Лизка кинулась на меня, явно забыв, что она благовоспитанная дама, которая по определению не может вести себя подобным образом. Увернувшись, я вскочила с кровати. Это все, конечно, прекрасно, но драться с ней я не собиралась, на вечер у меня были иные планы, да и кто эту Лизку знает, сейчас расцарапает мне лицо, и моя личная жизнь накроется медным тазом.
– Как же ты мне надоела! – кричала Лиза, хватая подушку. – Когда же ты уберешься из нашей жизни!
В меня летело все, что попадалось ей под руку, даже ваза, наверняка купленная на каком-нибудь аукционе, была безжалостно разбита о дверь. Я слышала, что в какой-то стране сажают в тюрьму за жестокое обращение с вещами, жаль, что у нас такого закона нет. Лизке за все, что она сейчас творила, точно бы дали пожизненное заключение. Мы бы носили ей передачи, помнится, она очень любит блинчики, но из-за фигуры никогда их не ест, а в тюрьме-то о талии можно уже не думать, вот бы и покушала вдоволь. А потом там нужно работать, что тоже плюс, уж если из обезьяны труд сделал человека, то и из Лизаветы вполне можно что-нибудь состряпать таким образом.

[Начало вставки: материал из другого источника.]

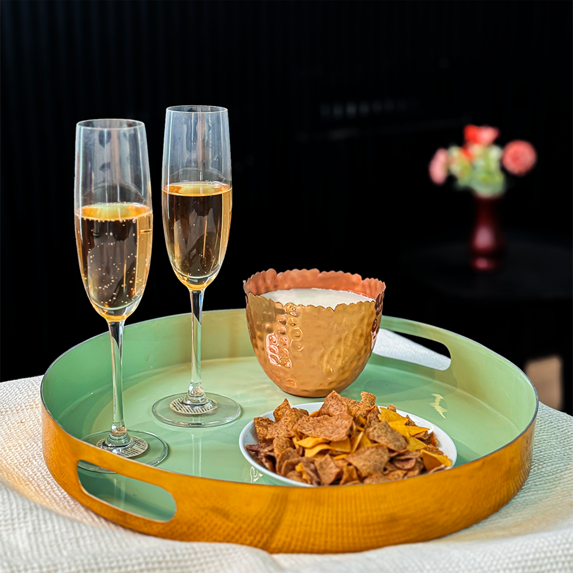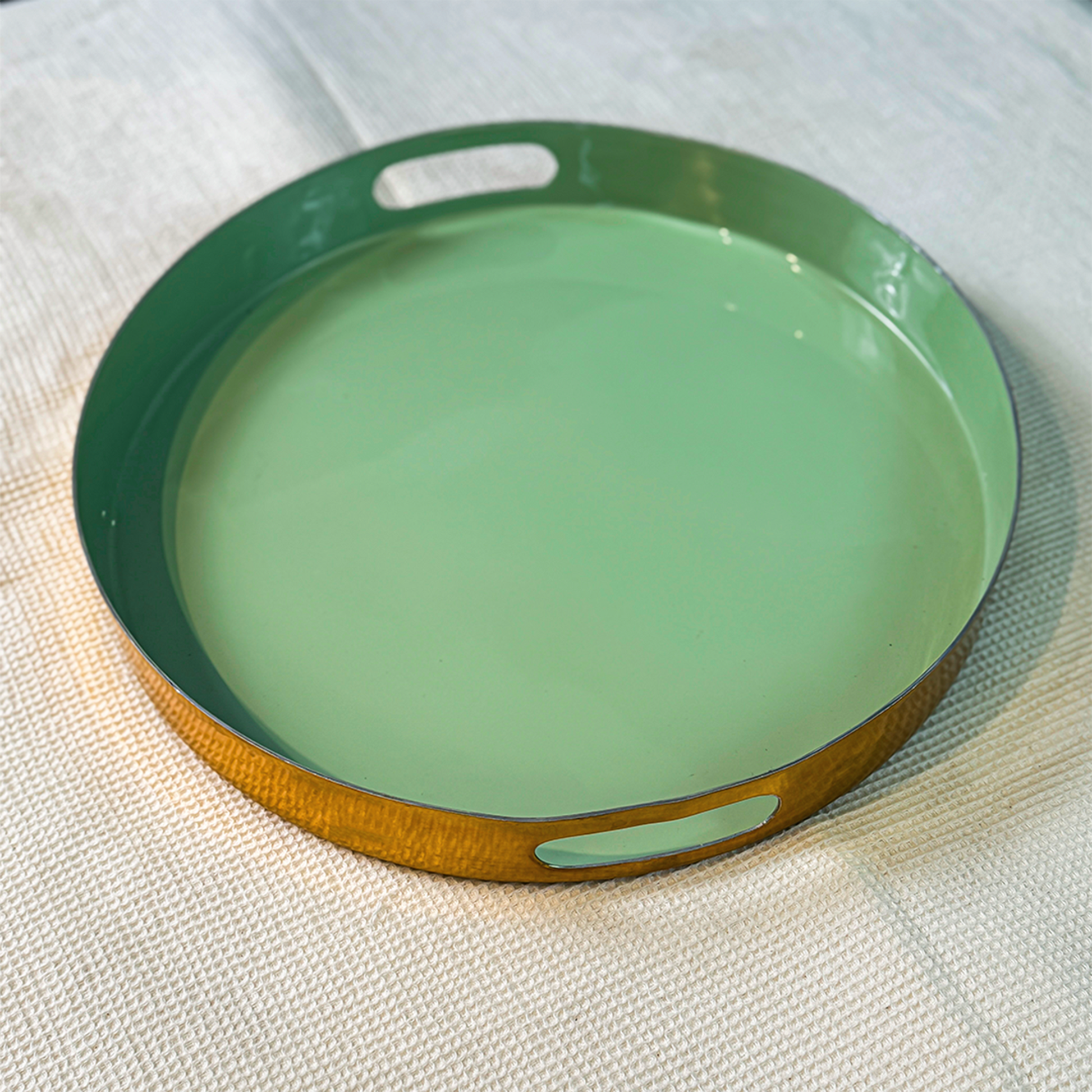 Tray Platter by The Modern Storey. Elevate your dining experience with this stunning pastel green round tray. Crafted from glossy stainless steel and enamel, it adds a touch of elegance to your table. Ideal for gifting to your loved ones.

– Чего ты так разволновалась, – поинтересовалась я, наблюдая, как Лизка размышляет, чем бы еще в меня запульнуть, – я же просто пошутила.
– Нашла над кем шутить! Да я знаешь кто? Я… Я…
– Клякса зубной пасты на раковине, Анна Каренина после встречи с поездом, старая беззубая пиранья, кислая капуста – двадцать рублей за кило, – щедро предложила я возможные варианты.
– Илья приедет, и я ему все расскажу, посмотрим, как ты тогда запоешь!
– Не одна ты такая умная, – сказала я, переходя в наступление, – мне тоже есть о чем поведать брату.
– Да, поделись с ним историей о том, как ты напялила на себя эту простынку, – Лиза потрясла в воздухе моей спецодеждой, – и пришла меня пугать.
– Мне кажется, ему будет это не интересно, а вот если я расскажу, что его жена разбазаривает деньги направо и налево, то это Илье вряд ли понравится.